PROBLEM STATEMENT.
Output, exactly as written, the lines below starting at the line containing "Хармонизираният индекс на" and ending at the line containing "Patrice Evra y". Drop the pictures and keep both end lines.

RECORDS.
•••••

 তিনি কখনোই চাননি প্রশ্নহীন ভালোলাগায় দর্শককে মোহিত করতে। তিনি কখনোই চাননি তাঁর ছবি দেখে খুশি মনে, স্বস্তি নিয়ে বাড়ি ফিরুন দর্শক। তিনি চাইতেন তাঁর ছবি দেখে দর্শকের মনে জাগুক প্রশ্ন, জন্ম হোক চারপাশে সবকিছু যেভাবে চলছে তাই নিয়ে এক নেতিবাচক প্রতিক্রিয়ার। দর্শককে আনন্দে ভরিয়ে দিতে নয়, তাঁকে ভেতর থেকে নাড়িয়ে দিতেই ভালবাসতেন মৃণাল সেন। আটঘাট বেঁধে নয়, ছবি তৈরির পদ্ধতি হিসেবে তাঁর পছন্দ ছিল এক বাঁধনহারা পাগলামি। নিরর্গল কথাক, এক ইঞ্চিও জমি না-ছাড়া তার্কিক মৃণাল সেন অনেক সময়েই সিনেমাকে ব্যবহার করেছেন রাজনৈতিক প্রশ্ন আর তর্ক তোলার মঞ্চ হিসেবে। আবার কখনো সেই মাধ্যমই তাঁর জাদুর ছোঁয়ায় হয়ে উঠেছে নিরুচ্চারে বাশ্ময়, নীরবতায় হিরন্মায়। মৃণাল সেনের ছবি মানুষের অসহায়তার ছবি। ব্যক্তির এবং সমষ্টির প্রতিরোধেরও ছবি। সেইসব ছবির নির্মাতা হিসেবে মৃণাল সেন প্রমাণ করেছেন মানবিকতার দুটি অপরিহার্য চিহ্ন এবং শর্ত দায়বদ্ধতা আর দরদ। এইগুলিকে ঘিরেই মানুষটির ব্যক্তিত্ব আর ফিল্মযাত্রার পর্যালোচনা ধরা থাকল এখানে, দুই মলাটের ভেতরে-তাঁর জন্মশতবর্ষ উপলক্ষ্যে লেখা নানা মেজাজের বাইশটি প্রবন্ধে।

•••••

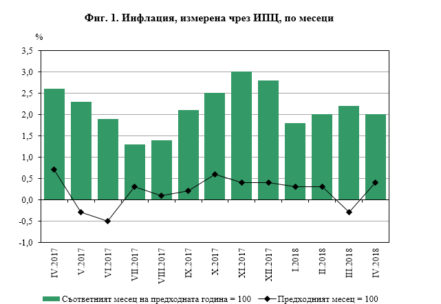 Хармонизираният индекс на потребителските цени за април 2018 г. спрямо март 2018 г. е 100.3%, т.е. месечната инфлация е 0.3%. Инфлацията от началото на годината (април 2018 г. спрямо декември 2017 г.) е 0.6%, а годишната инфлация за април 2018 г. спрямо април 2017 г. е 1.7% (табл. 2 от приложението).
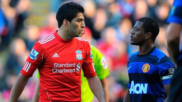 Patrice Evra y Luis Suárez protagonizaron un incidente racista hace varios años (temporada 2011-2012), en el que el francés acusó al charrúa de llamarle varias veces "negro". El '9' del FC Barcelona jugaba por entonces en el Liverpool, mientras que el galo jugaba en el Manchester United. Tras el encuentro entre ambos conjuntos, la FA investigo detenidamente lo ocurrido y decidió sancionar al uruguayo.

•••••

OUTPUT BELOW.
 Хармонизираният индекс на потребителските цени за април 2018 г. спрямо март 2018 г. е 100.3%, т.е. месечната инфлация е 0.3%. Инфлацията от началото на годината (април 2018 г. спрямо декември 2017 г.) е 0.6%, а годишната инфлация за април 2018 г. спрямо април 2017 г. е 1.7% (табл. 2 от приложението).
 Patrice Evra y Luis Suárez protagonizaron un incidente racista hace varios años (temporada 2011-2012), en el que el francés acusó al charrúa de llamarle varias veces "negro". El '9' del FC Barcelona jugaba por entonces en el Liverpool, mientras que el galo jugaba en el Manchester United. Tras el encuentro entre ambos conjuntos, la FA investigo detenidamente lo ocurrido y decidió sancionar al uruguayo.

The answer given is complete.